Zaat
- Author: Sonallah Ibrahim
- Original title: ذات
- Translator: Anthony Calderbank
- Language: Arabic
- Publisher: Dār al-Mustaqbal al-ʻArabī, American University in Cairo Press
- Publication date: 1992
- Publication place: Egypt
- Published in English: 2001
- ISBN: 978-9-772-39027-4

= Zaat (novel) =

1992 novel by Sonallah Ibrahim

Zaat: The Tale of One Woman's Life in Egypt During the Last Fifty Years (ذات) is a novel by Sonallah Ibrahim. The book was originally published in 1992. The English translation by Anthony Calderbank was published by the American University in Cairo Press in 2001. Hosam Aboul-Ela of the University of Houston wrote in 2001 that it was Ibrahim's "most celebrated novel to date". An excerpt is within the anthology The Anchor Book of Modern Arabic edited by Denys Johnson-Davies.

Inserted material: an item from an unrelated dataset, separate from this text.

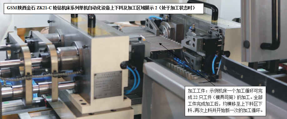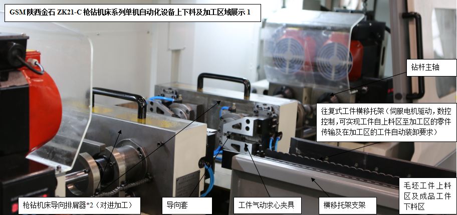 針對(duì)槍鉆加工領(lǐng)域特點(diǎn)和不同用戶的設(shè)備需求,陜西金石設(shè)計(jì)生產(chǎn)研發(fā)的ZK21-C槍鉆機(jī)床系列單機(jī)自動(dòng)化產(chǎn)品(人工低強(qiáng)度參與的上下料、自動(dòng)裝卸、自動(dòng)加工),可以使得用戶在應(yīng)對(duì)大批量軸類零件的精密深孔加工場(chǎng)合擁有了更多更好的選擇。

Sarah Hahn of The Middle East Journal wrote that the book was "[r]enowned for its black humor and ironic commentary on modern Egyptian life". It is about the life of Zaat, a woman from a lower middle class background. Zaat chronicles her relationships, the surrounding political climates, and her experiences. She lives through the governments of Gamal Abdel Nasser, Anwar Sadat, and Hosni Mubarak.

==Writing style==

Newspaper headlines from current events are interspersed with the story, taking up the even-numbered chapters while the story itself is in the odd-numbered chapters. Aboul-Ela wrote that these newspaper articles break up the novel's main story, include distinct characters and themes, and have the role of "further reinforcing [the story's] fragmentation, its alinear structure, and the sense that [Zaat] is caught in forces larger than herself." The original Arabic version has a publisher's note located before the text stating that the newspaper articles are meant to highlight the atmosphere of Egypt during events within the story, and that the inclusions are not intended to infringe copyrights or to endorse the accuracy of the stories. The English version does not include this note.

==Characters==
- Zaat – The main character. Her name means "self", or "essence." The idafa construction that means "possessor of [something]" uses dhât as the first term.
  - Instead of having a single beginning for Zaat the novel's text argued that any three points could be the start of her character: her birth, her first menstruation, and the wedding night. Hosam Aboul-Ela of the University of Houston wrote that therefore the work argues that the character "has been socially constructed, rather than appearing already whole as a product of biology." Aboul-Ela explained that her character reflects the trends of Egyptian culture and politics which "reinforces the notion that she is not a Dickensian or Stendhalian protagonist, who will grow and become complete over the course of the novel." He added that the concept of the three starting points is also an argument suggesting inadequacy with "the traditional realist notion of linear narrative". Aboul-Ela argued that Zaat "often seems to be written against the classic 19th-century European bildungsroman", and that the character does "not progress, grow, and learn enough over the course of the novel to make Zaat a bildungsroman."
- Himmat – One of Zaat's friends, Himmat and Zaat join forces to report to health authorities a grocer who sold Zaat expired olives
  - The names "Zaat" and "Himmat" combined form the name of the Abbasid princess dhât al-himma ("possessor of zeal").
- Abdel Maguid – Zaat's husband and the father of her three children. She states that she either has to leave him or she will end up pregnant again. He is controlling and believes himself to be very intelligent.

==Television adaptation==

In 2012, Misr International Films ( MIF) was producing a television series based on Zaat. Filming of scenes set at Ain Shams University in Cairo was scheduled to occur that year, but Muslim Brotherhood student members and some teachers at the school protested, stating that the 1970s era clothing worn by the actresses was indecent and would not allow filming unless the clothing was changed. Gaby Khoury, the head of the film company, stated that engineering department head Sherif Hammad "insisted that the filming should stop and that we would be reimbursed ... explaining that he was not able to guarantee the protection of the materials or the artists."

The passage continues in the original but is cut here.